For the full year, BAT has guided to constant currency adjusted revenue growth between 1-3%, reflecting the previously announced 3% headwind on group adjusted revenue from COVID-19 with our forecasts assuming the global recovery from the pandemic continues in the second half
Chief executive Jack Bowles commented: “I would like to thank our staff, customers, partners and suppliers for working tirelessly through this difficult period. We expect the coming months to bring continued uncertainty. Nevertheless, we will continue to invest in accelerating our strategy. Building on our excellent momentum, we are confident that we will exit this crisis as a stronger and better business.”
Pet retail specialist Pets at Home Group has posted a slower first quarter after a strong end to its previous trading year.
The group said sales for 16 week period from 27 March to 16 July 2020 were down 1% with like for like revneues down 1%.
A like for like revenue collapse of 13.5% over the initial eight weeks during the lockdown period was offset by like for like revenue growth of 12.0% over the subsequent eight weeks.
Retail revenue and LFL revenue both increased 0.4%, with performance across the quarter as a whole reflecting strong merchandise sales, which mitigated the revenue impact of closing its grooming salons and sale of pets during the first eight weeks, as well as a reversal of the exceptional, brought forward demand witnessed in the closing weeks of the fourth quarter.
Online revenues grew 71%, with previous investment in capacity supporting record order volumes and a step change in participation of retail revenue from 9.8% in the prior year to 16.6% in the first quarter.
Vet Group revenue and LFL revenue was down 10.9% and 9.3% respectively, reflecting the impact of regulatory restrictions on permitted procedures during the early stages of the pandemic on joint venture fee income and customer sales in our company managed practices and referral centres.
CEO Peter Pritchard commented: “The effects of COVID-19 continue to have an unprecedented impact on all of our lives.

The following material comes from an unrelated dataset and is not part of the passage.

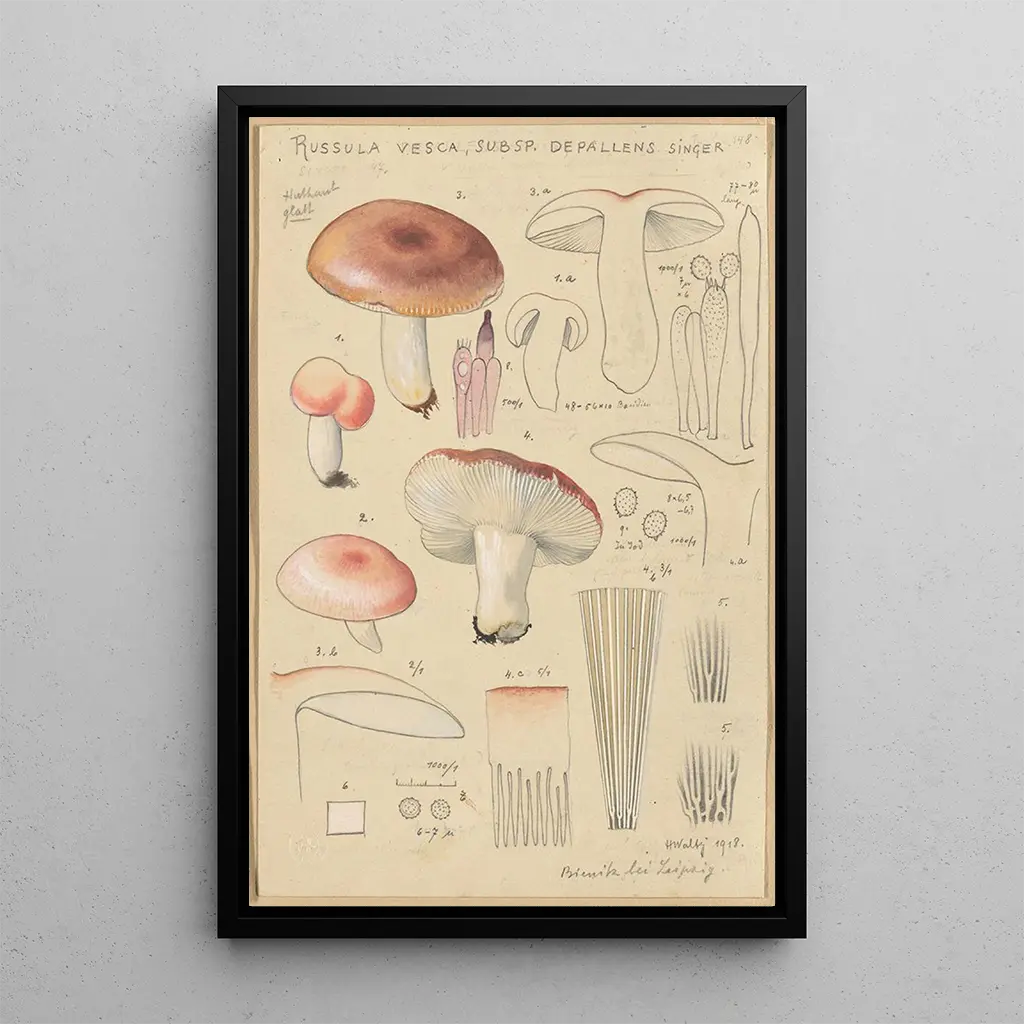 De kunstdruk van Russula vesca subsp Depallens singer is een ideale decoratieve keuze voor wie een vleugje originaliteit aan hun interieur wil toevoegen. Of het nu in een woonkamer, kantoor of slaapkamer is, dit doek trekt de aandacht en wekt interesse. De afdrukkwaliteit garandeert een opmerkelijke fideliteit aan de details en kleuren van het originele kunstwerk, wat zorgt voor een duurzame esthetische aantrekkingskracht. Door dit kunstwerk in uw inrichting te integreren, geeft u uw ruimte een warme en uitnodigende sfeer, terwijl u de schoonheid van de natuur en de rijkdom van haar ecosysteem viert.

“In spite of the rapid, wide-ranging and devastating effects of the pandemic, we have remained open for our customers throughout the period and we are emerging as a stronger business. The inherent resilience in our pet care model and the underlying pet care market, as well as encouraging signs of increased pet ownership, all underpin our confidence in seizing the future and progressing specific, strategic priorities. The significant investment in our omni-channel business is a good example of this, representing an important milestone, not just for our business and customers, but also as part of our commitment to longer term regional job creation and retention.
“While much has changed, and continues to do so, we remain confident in the long-term sustainability of our pet care business, where the love of pets and the role that they play in our lives is only increasing.”
On the markets this morning, the FTSE 100 is back up 0.4% to 6,017.4pts today.
Risers so far today include Pets at Home, up 11.2% to 285p, Bakkavor, up 5.2% to 68.4p and British American Tobacco, up 2% to 2,709p.
Early fallers include Stock Spirits, down 2.9% to 219.5p, Nichols, down 2.3% to 1,305p and Hotel Chocolat, down 1.7% to 290.1p.
Yesterday in the City
The FTSE 100 dropped back below 6,000pts for the first time since Mid-May yesterday as it dropped 2.3% back to 5990pts on fears that global cases of coronavirus are rapidly rising once more.
Nestle fell back 0.7% to CHF109.15 after posting its first half results yesterday, while AB InBev was down 0.5% to €48.23 and Danone was flat at €57.04 after their own interims.
Compass Group was up 0.4% to 1,074p despite its plunge in third quarter revenues driven by the lockdown.